Is the U.S. Economy Freefalling?
September 9, 2011
An examination of the 15 worst financial crises in the second half of the 20th century show that economies persistently perform poorly after a financial crisis, with real gross domestic product (GDP) growth 1.5 percentage points slower in the decade after the crisis than in the one before. In 10 of the 15 cases, the unemployment rate did not return to its pre-crisis low for the entire decade after the fall. The United States is contending with an expected painful deleveraging cycle and excessive regulation that slows growth, but we may not have laid the foundation for sustained expansion. Real per-capita output is still 2.2 percent off its 2006 level, and effective fiscal consolidation and true tax reform are unlikely to come out of Congress in the run-up to the 2012 elections. Vincent R. Reinhart, a former director of the Federal Reserve Board's Division of Monetary Affairs and resident scholar at the American Enterprise Institute, would put the chance that the U.S. economy slips into another recession within a year at about 4 in 10.
Key points in Reinhart's study:
- The United States is experiencing the expected aftershocks of a financial crisis: a painful deleveraging cycle, bad mortgage loans that continue to drag down economic growth and excessive regulation in the form of Dodd-Frank.
- But contrary to expectations, the United States may not have laid the foundation for sustained expansion, with real per-capita output still 2.2 percent below its 2006 level; the chance that the economy slips into another recession within a year is about 4 in 10.
- With multiple European governments on the brink of default and Washington divided squarely along partisan lines, successful fiscal policy will be hard to implement. The Federal Reserve should declare that it will keep policy accommodative as long as its forecast falls short of its objectives, thereby encouraging risk taking by investors.

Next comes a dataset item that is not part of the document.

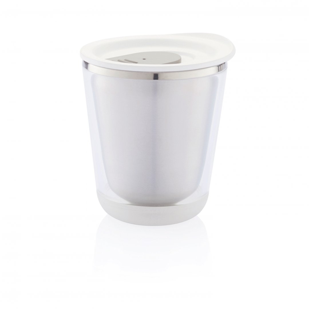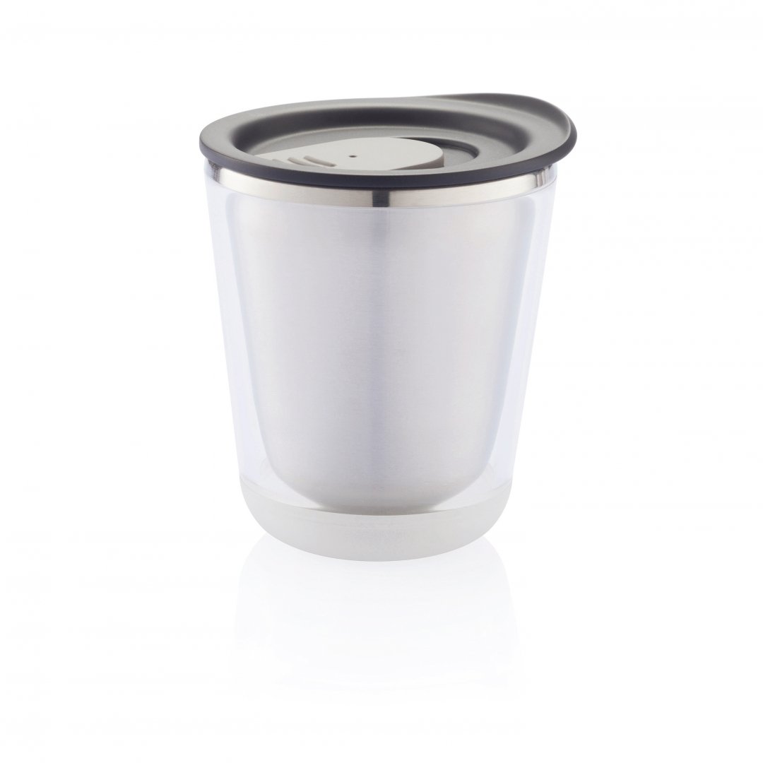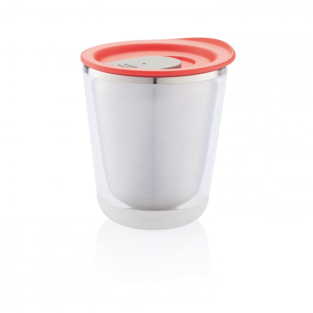 Double paroi en acier inoxydable à l'intérieur, son design permet de le démonter complètement pour le recycler. Modèle déposé®. Contenance : 227 ml. Existe en 5 coloris. Livrée en boîte cartonnée. Marquage une couleur compris. Poids : 150 g. Dimensions : Ø 8,5 x 10,2 cm.

The severity of the recent economic shock shows that quick and forceful action by regulators did not prevent the U.S. economy from placing in the lower tier of recoveries. The best course of action is for the Federal Reserve to explain that it will keep policy accommodative as long as its forecast falls short of its objectives. Accommodation should be read generously to include the Fed's balance sheet as well as its policy rate. Purchases of Treasury securities could nudge investors toward accepting more risk and so encourage economic growth.